Snapshots

‘Rez Life’ Is a Humane, Grim and Hopeful Portrait of Today’s American Indians < PopMatters

Recently, the New York Times reported on the Oglala Sioux tribe’s federal lawsuit against liquor dealers in Whiteclay, Nebraska, a town standing a few hundred yards from the boundaries of the Pine Ridge reservation and the South Dakota state line. Merchants there sell an average of 13,000 cans of beer and malt liquor a day, mostly to Indians, who are not allowed to drink on the reservation. At Pine Ridge, four in five families have someone with a drinking problem, and fetal alcohol syndrome or fetal alcohol spectrum disorder afflicts one in four babies.

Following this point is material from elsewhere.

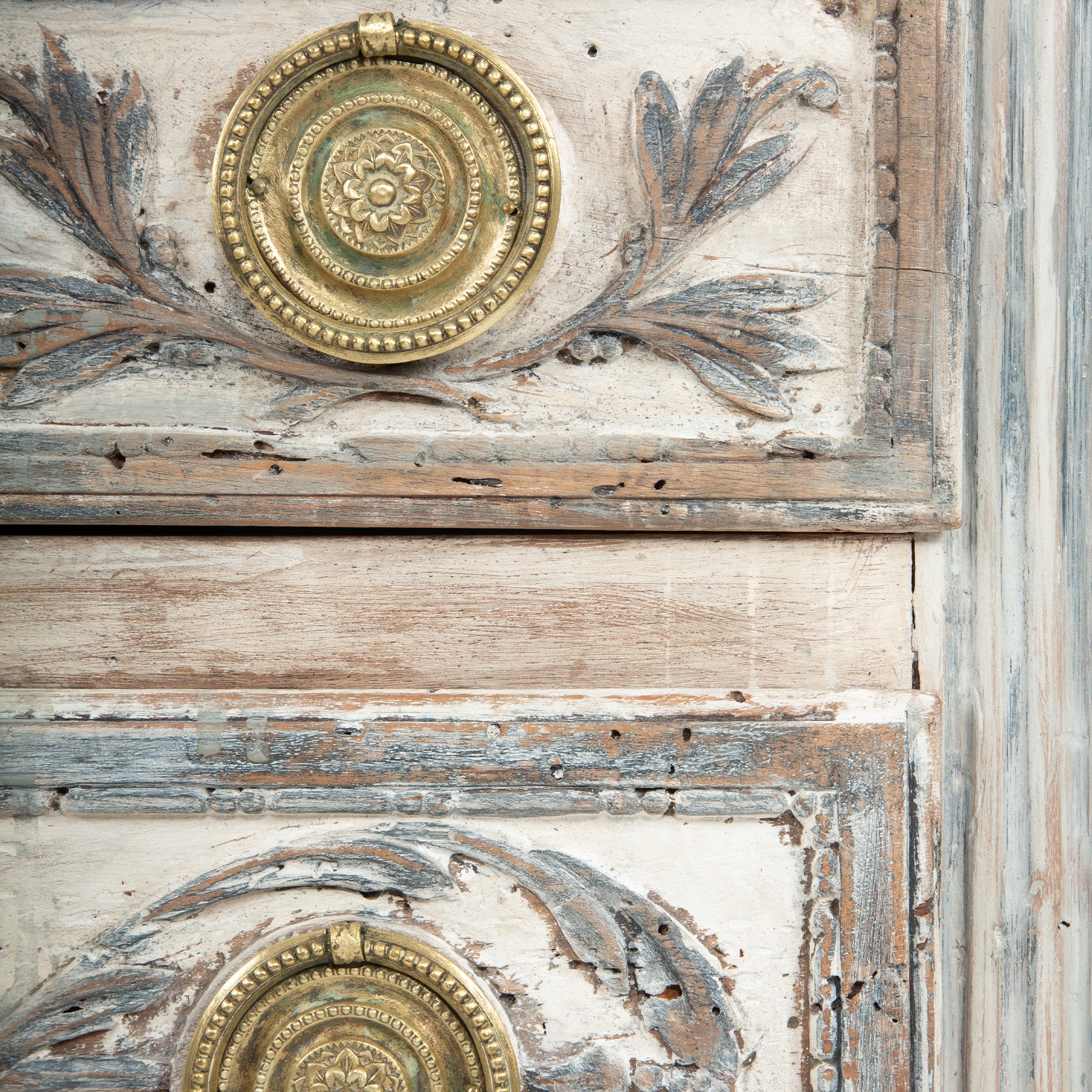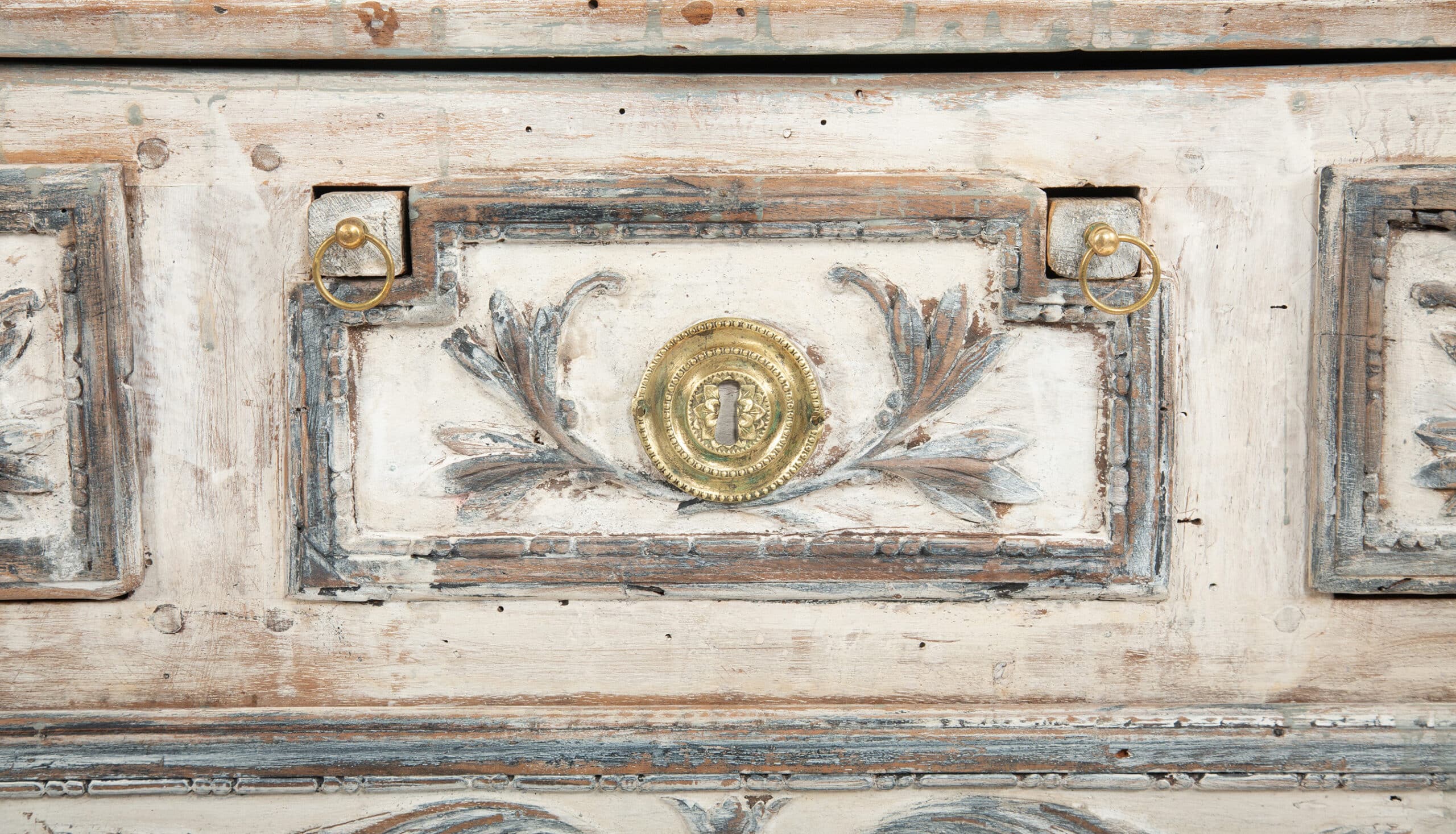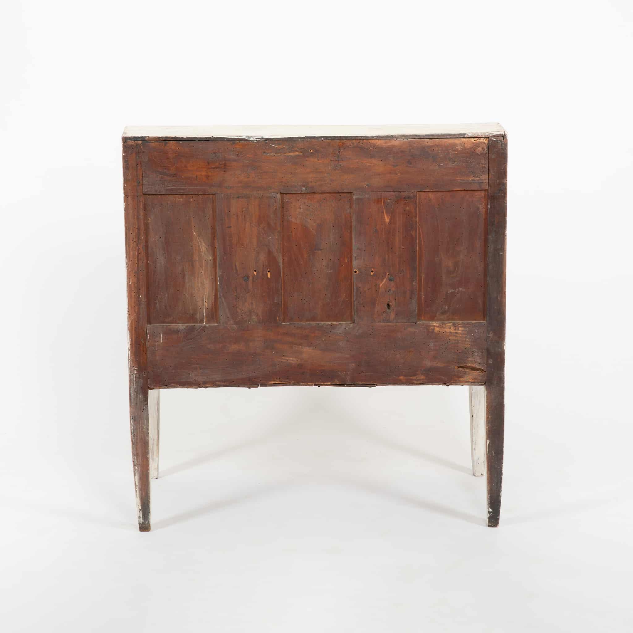 The fall-front opens to reveal a thoughtfully arranged interior fitted with small drawers and pigeonholes, originally intended for correspondence, documents, and personal effects. Slant-top desks of this type were prized for their compact footprint and practical elegance, making them suitable for both private apartments and formal interiors. Both decorative and functional, this desk serves beautifully as a writing table, console, or accent piece. Its restrained palette, classical ornamentation, and intact period details make it a refined example of French painted furniture from the late 18th century.

Somber as it is, the New York Times story paints a familiar picture of life on the nation’s Indian reservations. Pine Ridge and others are among the poorest places in the United States, with health indicators suggestive of Third World nations. It’s easy to conclude that for Native Americans, already burdened by a history of loss, the future might be even worse.

In this context, acclaimed novelist David Treuer’s Rez Life stands as a revelatory portrait of Indians in modern America. Treuer doesn’t shy away from somber realities; indeed, his own life has been touched by them. An Ojibwe Indian from Leech Lake Reservation in northern Minnesota, the son of an Austrian Jew (and Holocaust survivor) and Indian tribal court judge, he opens his book with the suicide death of his grandfather, a veteran of D-Day and the Battle of the Bulge. Along the way he describes the appalling living conditions on numerous reservations; individual horror stories, like the despondent 16-year-old, Jeffrey James Weise, who killed nine people and himself in a massacre at Red Lake Reservation in 2005; and a culture so overrun with substance abuse that children live with grandparents or congregate with peers in places of dubious safety. “These kids are like motor pool cars,” says a law enforcement officer. “No one takes care of them until they’re broken. And then it’s too late.”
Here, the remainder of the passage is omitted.